Copper Cadmium Alloy Nanoparticles
Copper Cadmium Alloy Nanoparticles
| Copper Cadmium Alloy Nanoparticles | |
| Product Number | NRE-2008 |
| CAS No. | 12272-50-3 |
| Formula | Cu-Cd |
| Molecular Weight | 175.95 g/mol |
| APS | <100 nm (Can be Customized) |
| Purity | 99.9% |
| Colour | Gray |
| Density | 8.89 g/cm3 |
| Melting Point | 1076 °C |
| Boiling Point | NA |
Copper Cadmium Alloy Nanoparticles
Applications
Electronics and Electrical Components:
CuCd alloy nanoparticles are used in electrical conductors, circuit boards, and semiconductors. Their high electrical conductivity and thermal stability make them useful in electronics like microchips, transistors, and resistors, where efficient power transmission and heat dissipation are crucial.
They are also used in the production of contacts, connectors, and wires in electrical devices, ensuring long-term reliability and performance.
Battery Technology:
Copper cadmium alloys are utilized in batteries, particularly nickel-cadmium (NiCd) batteries. NiCd batteries rely on cadmium to provide high charge capacity, and the copper component helps improve conductivity. In nanoparticle form, they may enhance charge-discharge cycles, capacity, and performance.
Additionally, the nanoparticles can be used in supercapacitors and energy storage systems, improving the efficiency of energy conversion and storage.
Catalysis and Chemical Processing:
Copper cadmium alloy nanoparticles are valuable in catalytic processes, including hydrogenation and oxidation reactions.
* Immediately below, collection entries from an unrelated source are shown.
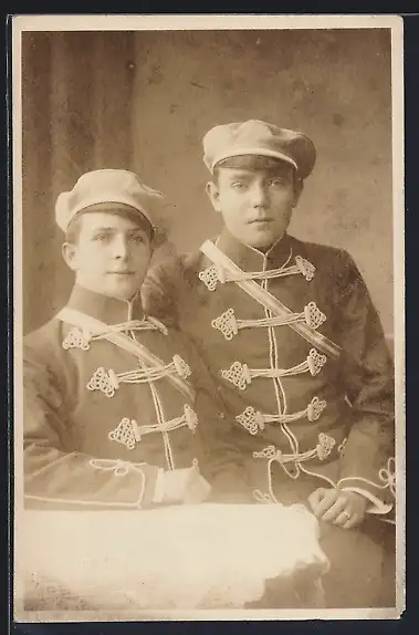 Foto-AK Zwei Studenten in Uniform, studentische Szene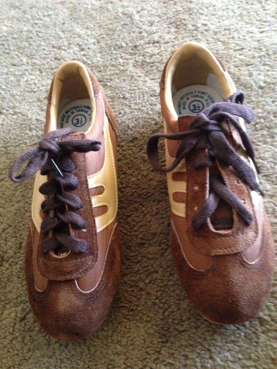 Rare Vintage 1980'S Fabrique En Taiwan Course Chaussures 3,5 Original Daim
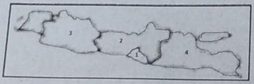 Berdasarkan peta Pulau Jawa di atas, letak Provinsi Daerah Istimewa Yogyakarta ditunjukkan nomor ...

Their catalytic properties make them useful in chemical production (such as in the synthesis of fine chemicals or fuel cells), where high surface area and chemical reactivity are critical for increasing reaction rates.
They are also used in environmental applications like pollution control, where they can catalyze the breakdown of harmful compounds in air or water.
Optical and Sensor Applications:
Due to their unique optical properties at the nanoscale, copper cadmium alloys are used in optical sensors, displays, and LEDs. Their ability to respond to different wavelengths of light makes them ideal for use in light-emitting devices and photonic applications.
They can also be used in biosensors and chemical sensors for detecting specific chemicals or biological markers, where their sensitivity to light or chemical changes is leveraged for precise measurements.